Participants raise funds to pay for their travel expenses and make a contribution to their host affiliate to cover the costs of their accommodations while they are volunteering. Schools that will be partnering with Lafayette Habitat for Humanity this year include Columbia University, the Ohio State University, Minnesota Concordia College, Rice University, DeSales University, St. Louis University, Connecticut Trinity College and Illinois North Central College. While they are in Lafayette the students will be working on several homes currently under construction in Lafayette's McComb/Veazey neighborhood as part of Lafayette Habitat's Neighborhood Revitalization Initiative.

"Collegiate Challenge is one of the most productive times of the year for us," said Joelle Boudreaux, Volunteer Services Director at Lafayette Habitat. "These students could be spending a week at the beach, but instead are investing their time to make a direct impact in the lives of others through community service."

And while the students are hard at work on the Habitat construction sites, a number of local restaurants and individuals have once again stepped up to donate lunches so that the visitors will get a true taste of Cajun hospitality.

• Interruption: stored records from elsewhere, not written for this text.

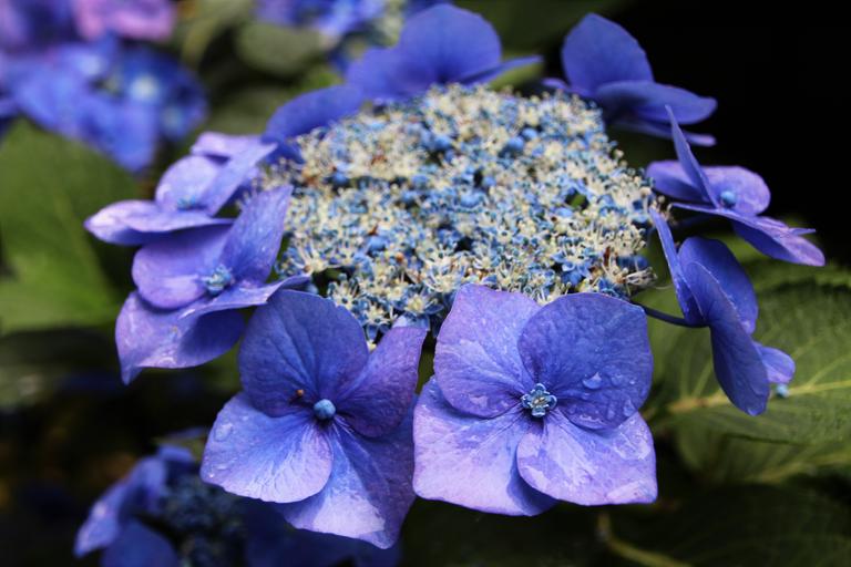 Keywords: hydrangea summer garden blue grove blossom bloom raindrop summer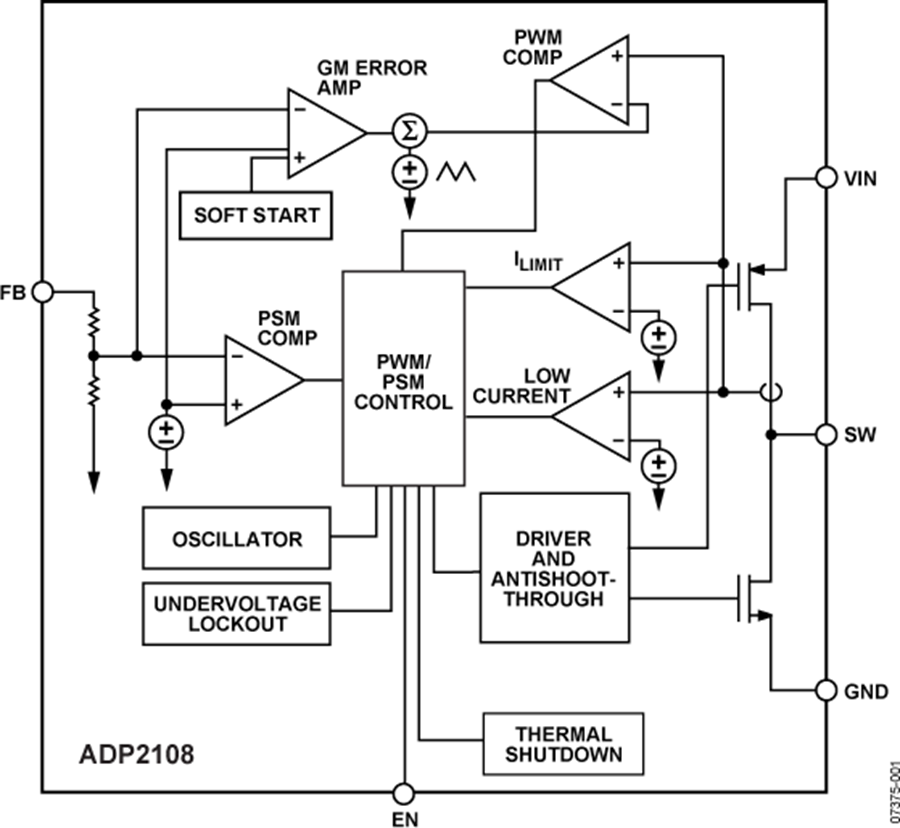 ADP2108可提供3.3V、3.0V、2.5、2.3V、1.8V、1.5、1.3V、1.2V、1.1V及1.0V的固定輸出電壓。為了實(shí)現(xiàn)最少的外部器件數(shù)量及高效率,所有版本均內(nèi)置電源開關(guān)和同步整流器。ADP2108內(nèi)置一個軟啟動功能并具有內(nèi)部補(bǔ)償機(jī)制。在邏輯控制關(guān)斷期間,輸入是與輸出斷開的,輸入源漏電流小于0.1A。其它的關(guān)鍵性能包括防止深度電池放電的欠壓閉鎖以及防止在啟動時輸入電流過沖的軟啟動。ADP2108采用5焊球WLCSP封裝。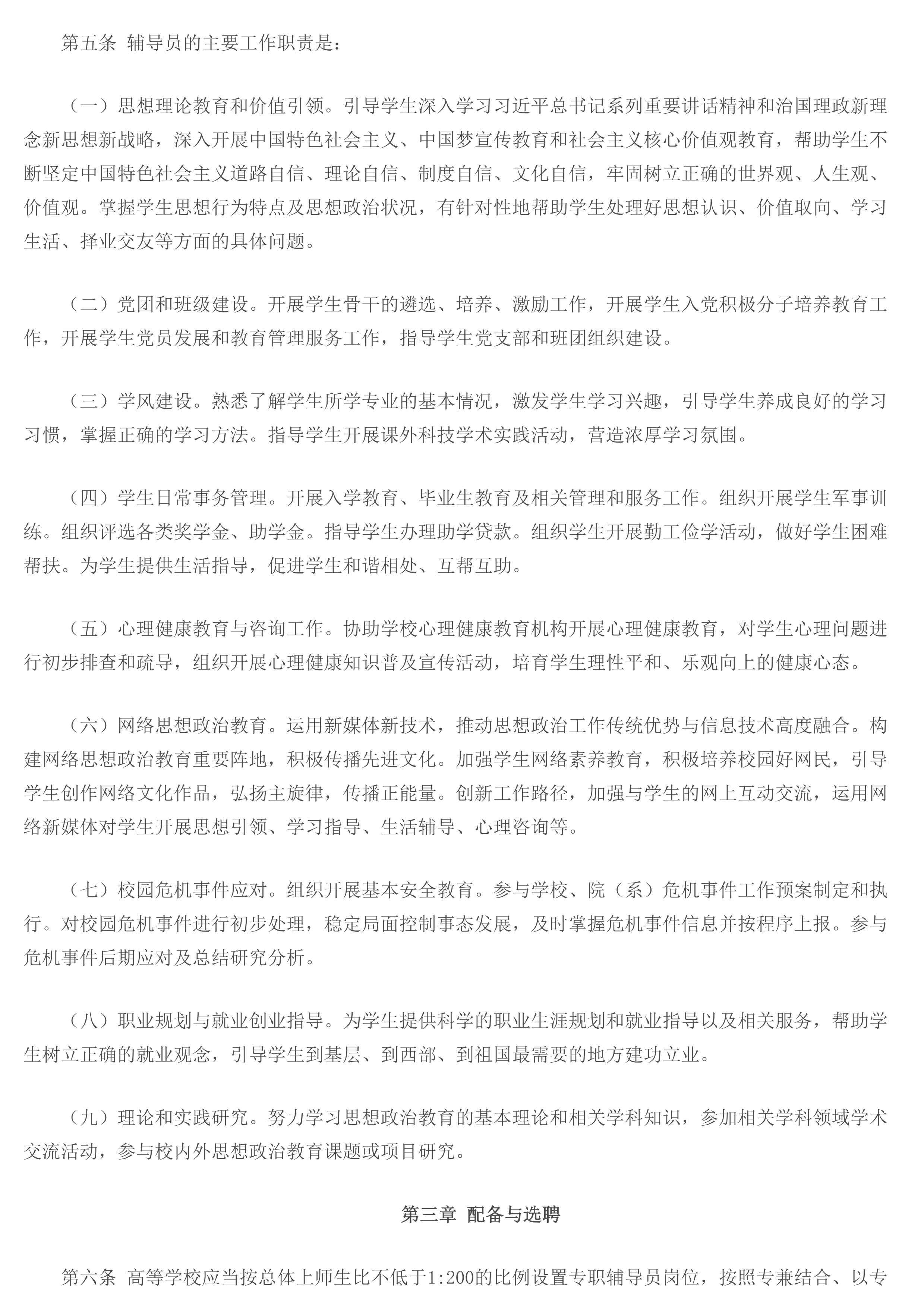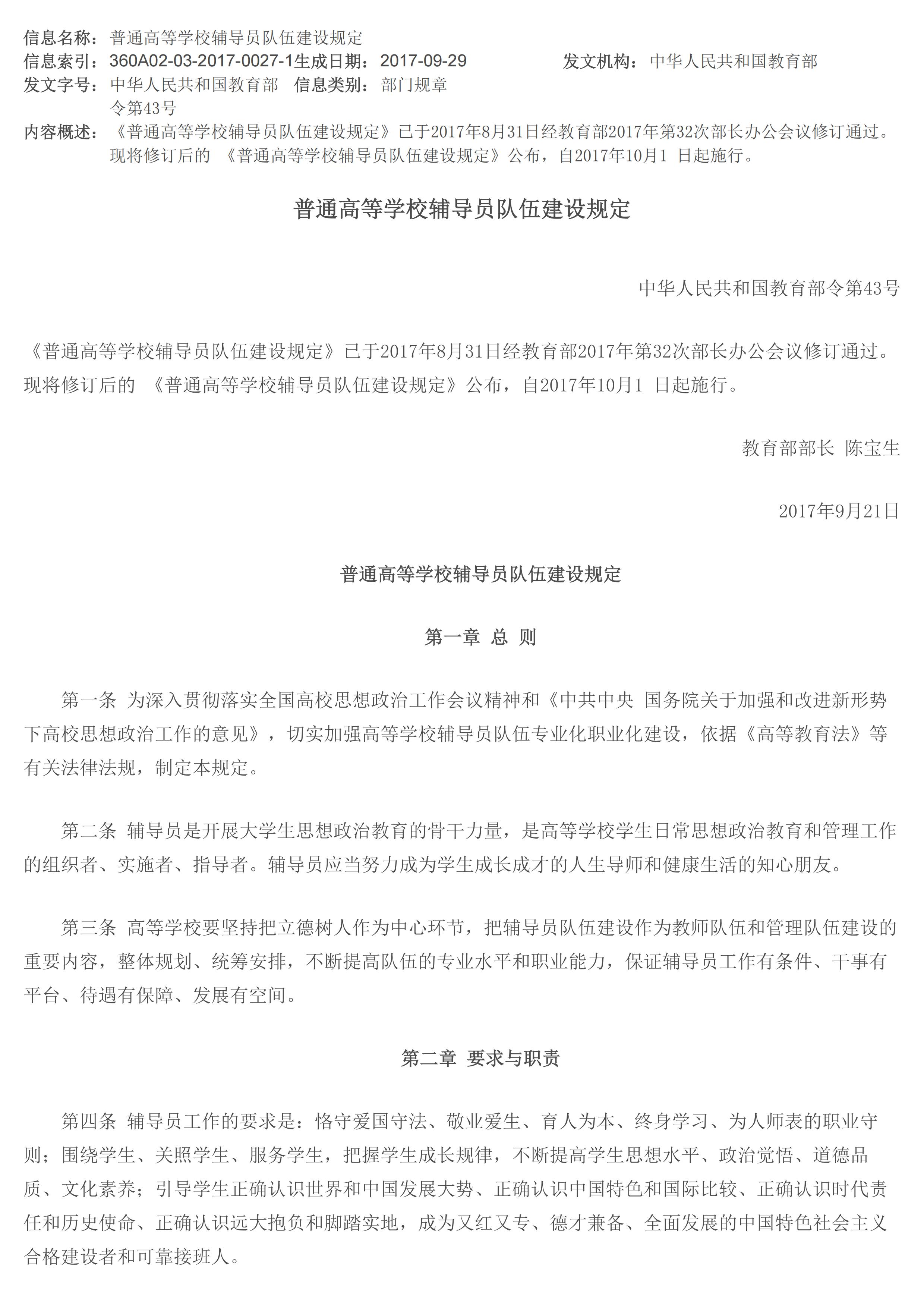 教育部令第43号:普通高等8181801威尼斯登录辅导员队伍建设规定

Boudreaux hopes that the student volunteers will be able to immerse themselves in Cajun culture during their time in Lafayette.

"We have several repeat groups from past years who wanted to come back and work with us again, and I think that has a lot to do with the great experiences they've had in Lafayette, both on and off the construction site."

For the past 25 years, more than 229,000 students have spent their school breaks volunteering across the country through the Collegiate Challenge program, donating more than $23 million to Habitat affiliates. 

"We're grateful to Lafayette Habitat for Humanity for hosting the students as part of Collegiate Challenge," said Jenn Skudlarek, Habitat for Humanity International's manager of U.S. volunteer programs. "Their work together makes a meaningful difference and will have a lasting impact in communities across the country."